*** Recorded information ***

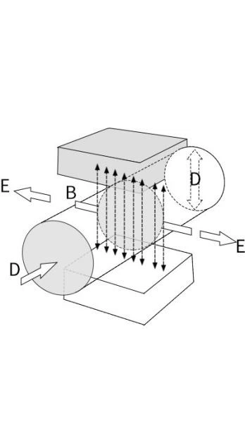 Mag meter works based on Faraday's law, when the liquid goes through the pipe at the flow rate of v with a diameter D, within which a magnetic flux density of B is created by an exciting coil, the following electromotive E is generated in proportion to flow speed v:
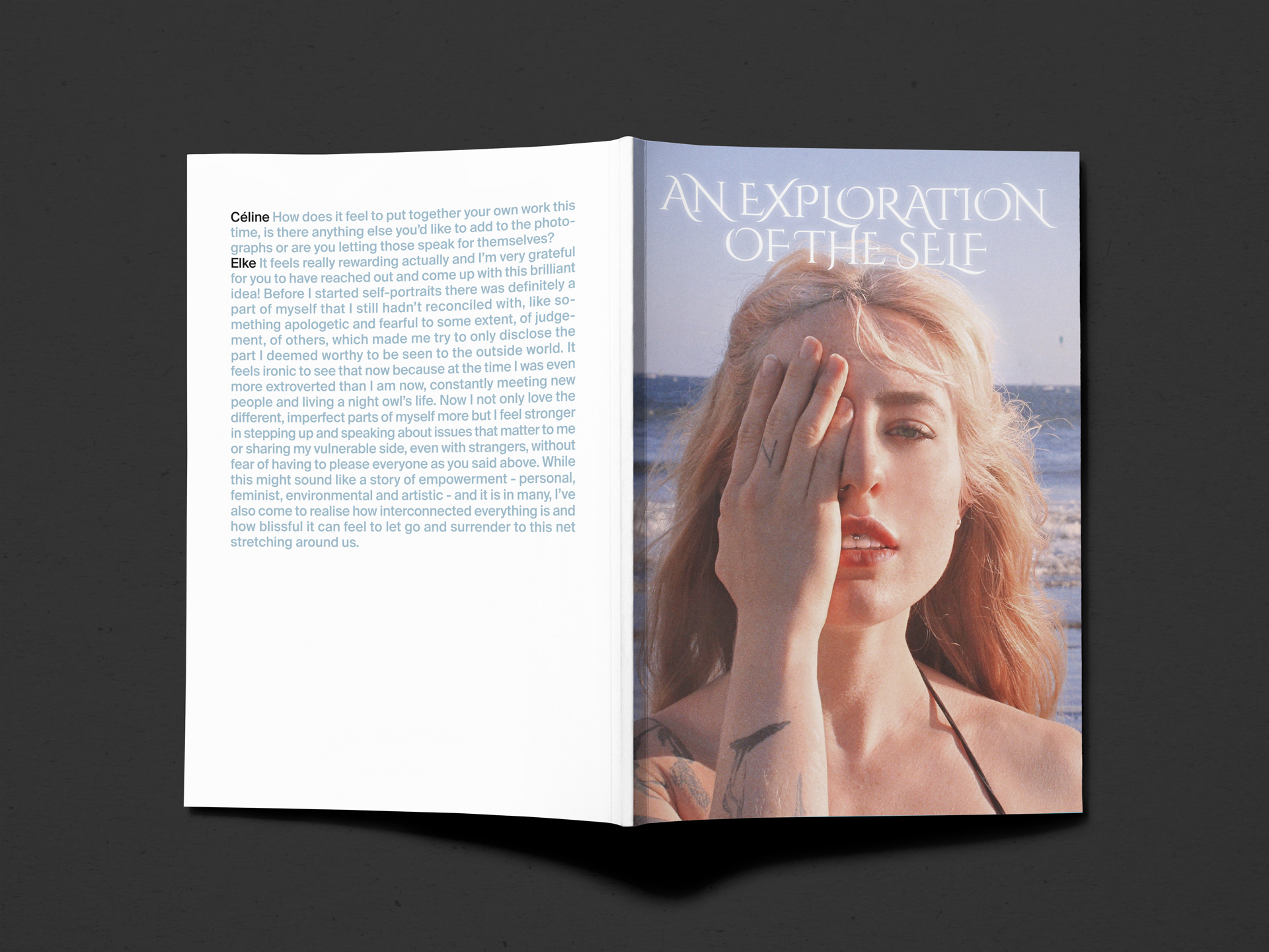 For the magazine retrospective An exploration of the self, Céline Nidegger and Elke Bucher dive into the art of self portraiture embedded into graphic design, reflect on what and who inspires them and look back on an enduring, creative friendship. Special thanks for our interviewees Katharina Jung, Ellie Cutajar and Flora Eis for contributing your beautiful work and thoughts as well as Matthieu Gill, Amber Noire and Ludovica Credendino for your beautiful contribution for our photo series Drowning Rituals featured here. Don’t hesitate to get in touch if you have any questions about the magazine!
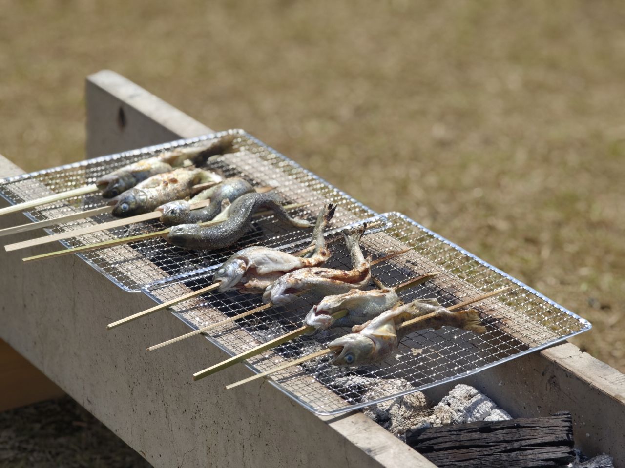小学生以下限定のイベント。清流白川に放流されたマスをつかみ捕りして、炭火で塩焼にする体験。一人2匹まで捕まえてOKで、捕まえられなかった子には1尾プレゼントされるようです。
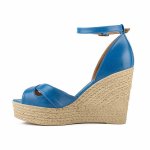 Μπλε ψηλή πλατφόρμα με χιαστί λουράκια
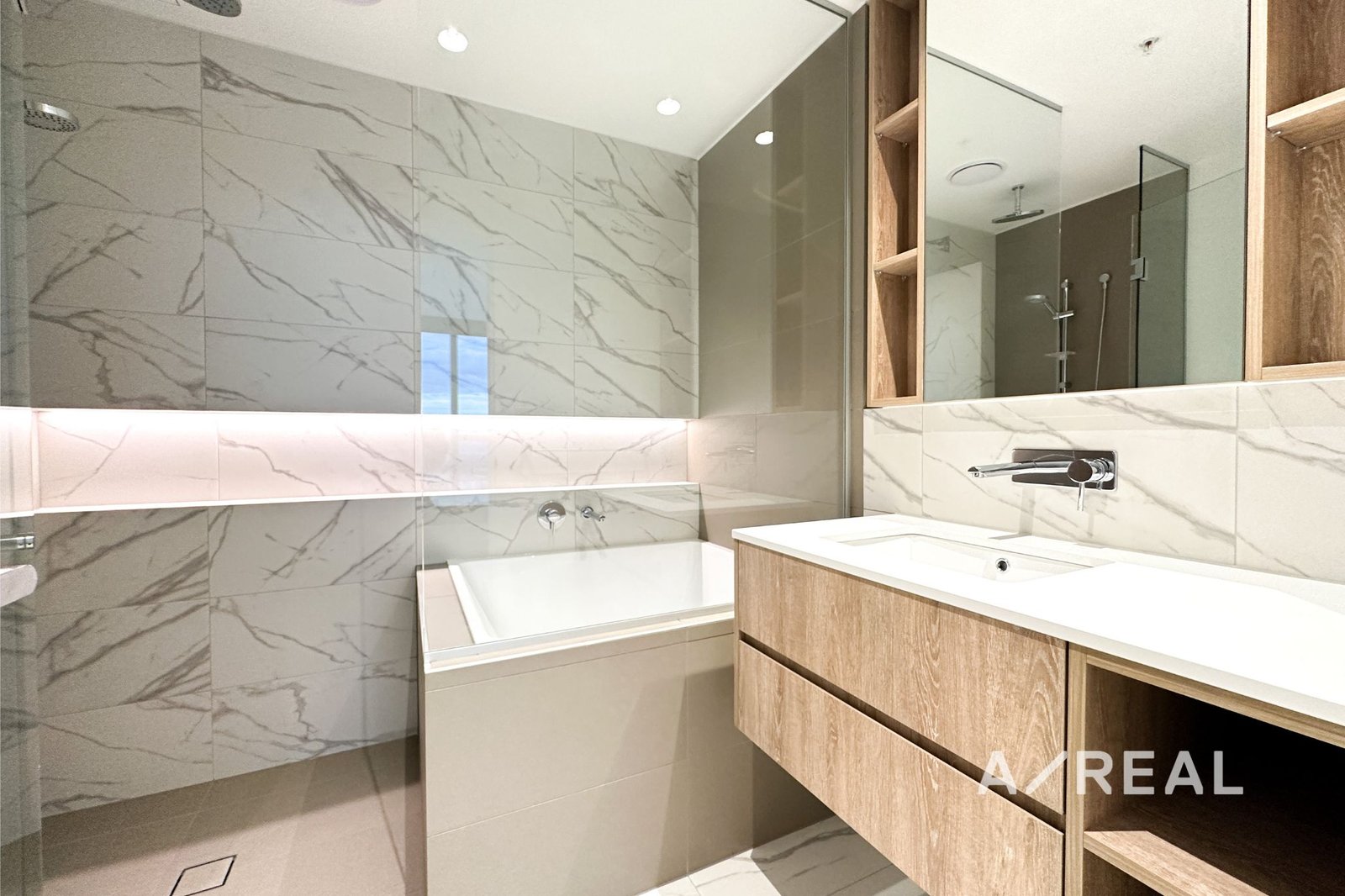 The modern kitchen is a standout, featuring premium appliances including a dishwasher, an elegant marble splashback, and a sophisticated LED strip light. Each bedroom is generously sized and includes built-in robes and striking floor-to-ceiling windows that bright up the space with natural light, creating a peaceful urban retreat.
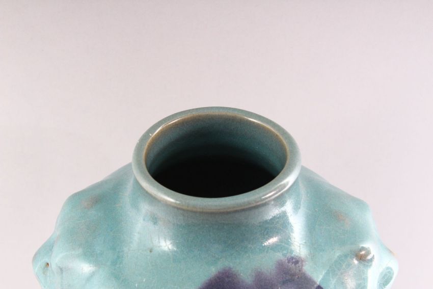 A CHINESE PURPLE SPLASH POTTERY VASE, with moulded lion mask handles, 35cm high.
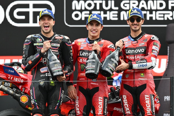 Tre giri alla fine. Bezzecchi a 0,2 secondi, non si avvicina abbastanza per tentare un sorpasso sul numero 93. Mancavano due giri. Bezzecchi dà il massimo, ma Marquez non commette errori e Pecco era ora a 0,9 secondi dal suo connazionale. Nel penultimo giro il distacco era salito a 0,7 secondi.
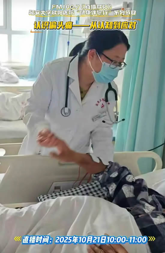 10月21日,神經(jīng)內(nèi)科五病區(qū)王玉副主任醫(yī)師受邀參加了咸陽廣播電視臺(tái)FM100.7《直播咸陽》“健康伴您行”欄目,詳細(xì)講解了偏頭痛相關(guān)知識(shí),著重強(qiáng)調(diào)了科學(xué)認(rèn)識(shí)、科學(xué)應(yīng)對(duì)偏頭痛,內(nèi)容通俗易懂。同天下午神內(nèi)五病區(qū)開展了頭痛公休座談會(huì),由陜西省老年專科主管護(hù)師任苗開展頭痛科普宣講,咸陽市神經(jīng)內(nèi)科專科護(hù)師王娟娟帶領(lǐng)學(xué)習(xí)頭痛保健操,現(xiàn)場(chǎng)護(hù)患互動(dòng),受到患者及家屬一致好評(píng)。
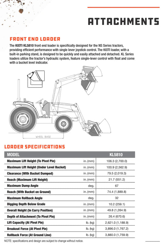 KIOTI KL5810 Loader Pkg w/72in QA Bucket and Grill Guard [Fits NS10]
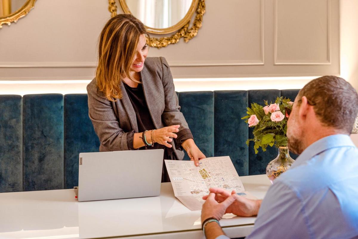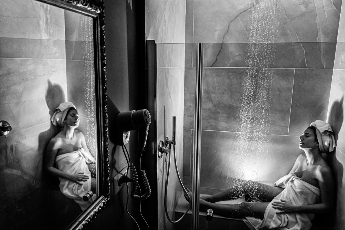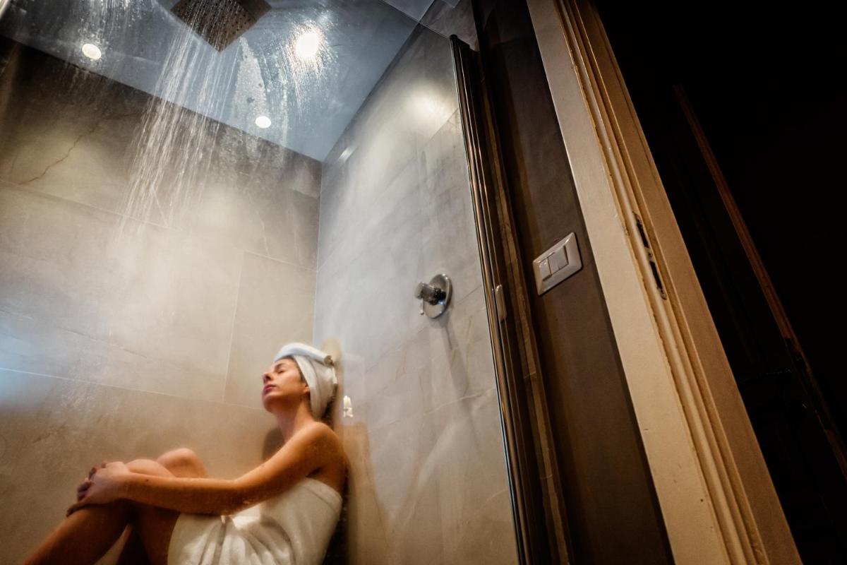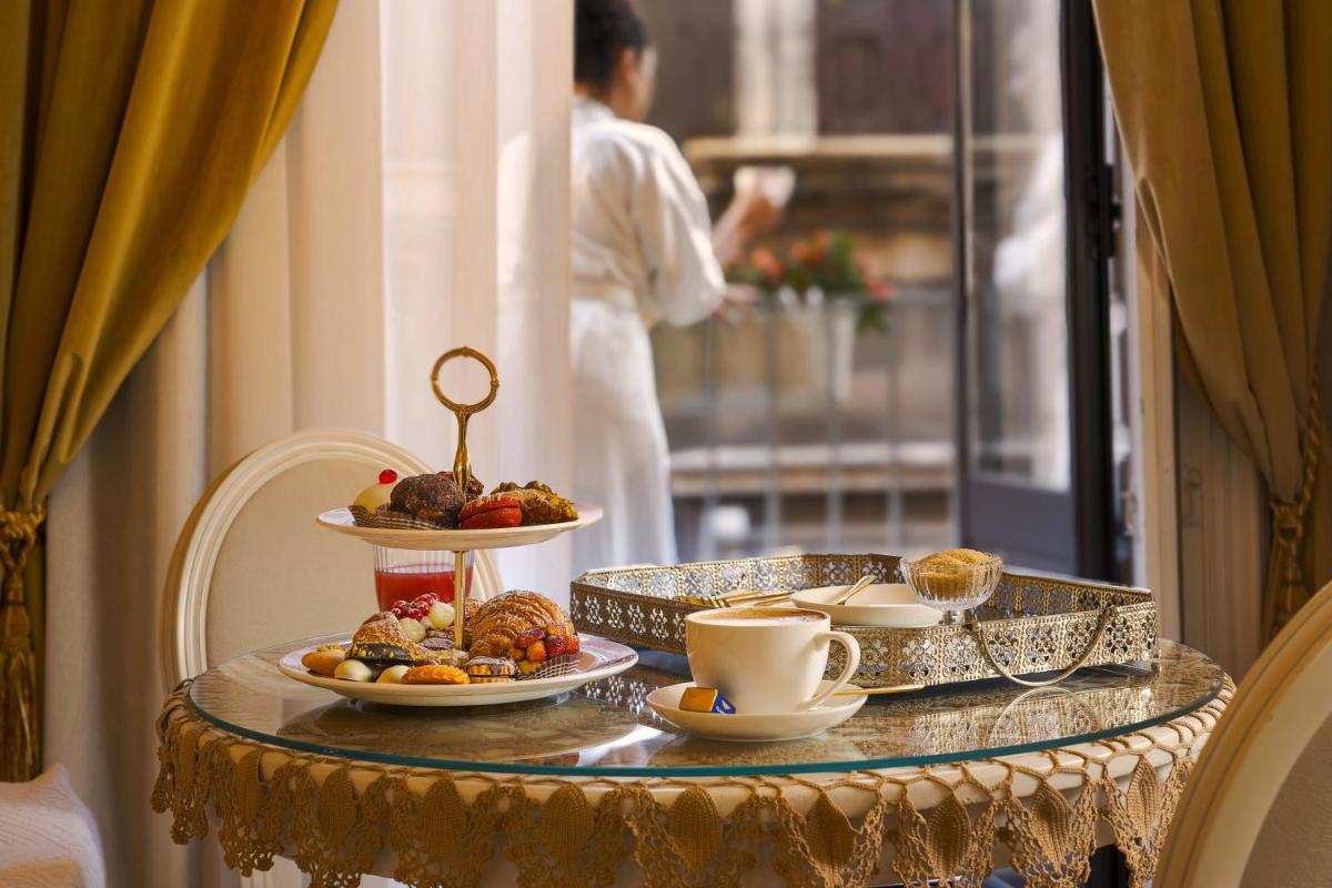 Chambres lumineuses avec balcon ou fenêtre sur cours et ruelles baroques. Équipements : climatisation, Wi‑Fi, smart TV, minibar, coffre‑fort, bouilloire/machine à café et salles de bain avec grande douche, set de courtoisie et sèche‑cheveux. Certaines catégories avec baignoire hydromassante.
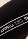 Удобные и минималистичные леггинсы Tommy Jeans хорошо подходят для ношения при занятиях спортом, а также повседневно! Пояс с эластичной резинкой удобно прилегает к телу, с левой стороны маленький логотип бренда. Оригинальности придают по бокам печатные принты с названием бренда, оживляющие скромный внешний вид изделия. Качественная ткань приятно облегает тело и обеспечивает максимальный комфорт при движении. Переработанный полиэстер составляет как минимум 50% из использованного при изготовлении одежды полиэстера.. Рост модели 176, носит размер S. Материал: полиэстер 73%, вискоза 23%. Цвет: чёрный.
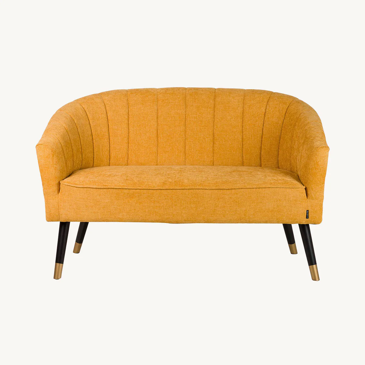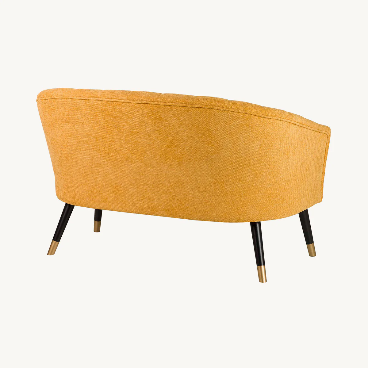 Sofá Gleditsia de dos plazas en color amarillo con patas en negro y detalles dorado. Fabricado en madera combinado con tela chenilla.
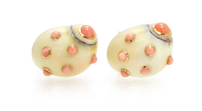 consisting of two cream color spiral shape shells surmounted with 14 gold bezel set round cabochon cut orange pink coral measuring approximately 2.80-4.67 mm in diameter.Stamp: TRIANON 750 37070 (maker's mark for Trianon).
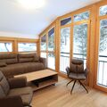 Inside, our flat offers all the amenities you need for a carefree stay. A large double bedroom with an inviting balcony and picturesque views of the valley, as well as another room with bunk beds, allow for a restful night's sleep after a day in the snow. The living room is furnished with a sofa bed and a terrace overlooking the garden, ideal for enjoying the peaceful surroundings. There is also a dining room, a fully equipped kitchen, a complete bathroom with shower, a bathroom with bath and washbasin and a separate WC.

*** End of Recorded information ***

= To do =
Every line above has to be output exactly; the pictures must be dropped.

= Completed exercise =
 Mag meter works based on Faraday's law, when the liquid goes through the pipe at the flow rate of v with a diameter D, within which a magnetic flux density of B is created by an exciting coil, the following electromotive E is generated in proportion to flow speed v:
 For the magazine retrospective An exploration of the self, Céline Nidegger and Elke Bucher dive into the art of self portraiture embedded into graphic design, reflect on what and who inspires them and look back on an enduring, creative friendship. Special thanks for our interviewees Katharina Jung, Ellie Cutajar and Flora Eis for contributing your beautiful work and thoughts as well as Matthieu Gill, Amber Noire and Ludovica Credendino for your beautiful contribution for our photo series Drowning Rituals featured here. Don’t hesitate to get in touch if you have any questions about the magazine!
小学生以下限定のイベント。清流白川に放流されたマスをつかみ捕りして、炭火で塩焼にする体験。一人2匹まで捕まえてOKで、捕まえられなかった子には1尾プレゼントされるようです。
 Μπλε ψηλή πλατφόρμα με χιαστί λουράκια
 The modern kitchen is a standout, featuring premium appliances including a dishwasher, an elegant marble splashback, and a sophisticated LED strip light. Each bedroom is generously sized and includes built-in robes and striking floor-to-ceiling windows that bright up the space with natural light, creating a peaceful urban retreat.
 A CHINESE PURPLE SPLASH POTTERY VASE, with moulded lion mask handles, 35cm high.
 Tre giri alla fine. Bezzecchi a 0,2 secondi, non si avvicina abbastanza per tentare un sorpasso sul numero 93. Mancavano due giri. Bezzecchi dà il massimo, ma Marquez non commette errori e Pecco era ora a 0,9 secondi dal suo connazionale. Nel penultimo giro il distacco era salito a 0,7 secondi.
 10月21日,神經(jīng)內(nèi)科五病區(qū)王玉副主任醫(yī)師受邀參加了咸陽廣播電視臺(tái)FM100.7《直播咸陽》“健康伴您行”欄目,詳細(xì)講解了偏頭痛相關(guān)知識(shí),著重強(qiáng)調(diào)了科學(xué)認(rèn)識(shí)、科學(xué)應(yīng)對(duì)偏頭痛,內(nèi)容通俗易懂。同天下午神內(nèi)五病區(qū)開展了頭痛公休座談會(huì),由陜西省老年專科主管護(hù)師任苗開展頭痛科普宣講,咸陽市神經(jīng)內(nèi)科專科護(hù)師王娟娟帶領(lǐng)學(xué)習(xí)頭痛保健操,現(xiàn)場(chǎng)護(hù)患互動(dòng),受到患者及家屬一致好評(píng)。
 KIOTI KL5810 Loader Pkg w/72in QA Bucket and Grill Guard [Fits NS10]
 Chambres lumineuses avec balcon ou fenêtre sur cours et ruelles baroques. Équipements : climatisation, Wi‑Fi, smart TV, minibar, coffre‑fort, bouilloire/machine à café et salles de bain avec grande douche, set de courtoisie et sèche‑cheveux. Certaines catégories avec baignoire hydromassante.
 Удобные и минималистичные леггинсы Tommy Jeans хорошо подходят для ношения при занятиях спортом, а также повседневно! Пояс с эластичной резинкой удобно прилегает к телу, с левой стороны маленький логотип бренда. Оригинальности придают по бокам печатные принты с названием бренда, оживляющие скромный внешний вид изделия. Качественная ткань приятно облегает тело и обеспечивает максимальный комфорт при движении. Переработанный полиэстер составляет как минимум 50% из использованного при изготовлении одежды полиэстера.. Рост модели 176, носит размер S. Материал: полиэстер 73%, вискоза 23%. Цвет: чёрный.
 Sofá Gleditsia de dos plazas en color amarillo con patas en negro y detalles dorado. Fabricado en madera combinado con tela chenilla.
 consisting of two cream color spiral shape shells surmounted with 14 gold bezel set round cabochon cut orange pink coral measuring approximately 2.80-4.67 mm in diameter.Stamp: TRIANON 750 37070 (maker's mark for Trianon).
 Inside, our flat offers all the amenities you need for a carefree stay. A large double bedroom with an inviting balcony and picturesque views of the valley, as well as another room with bunk beds, allow for a restful night's sleep after a day in the snow. The living room is furnished with a sofa bed and a terrace overlooking the garden, ideal for enjoying the peaceful surroundings. There is also a dining room, a fully equipped kitchen, a complete bathroom with shower, a bathroom with bath and washbasin and a separate WC.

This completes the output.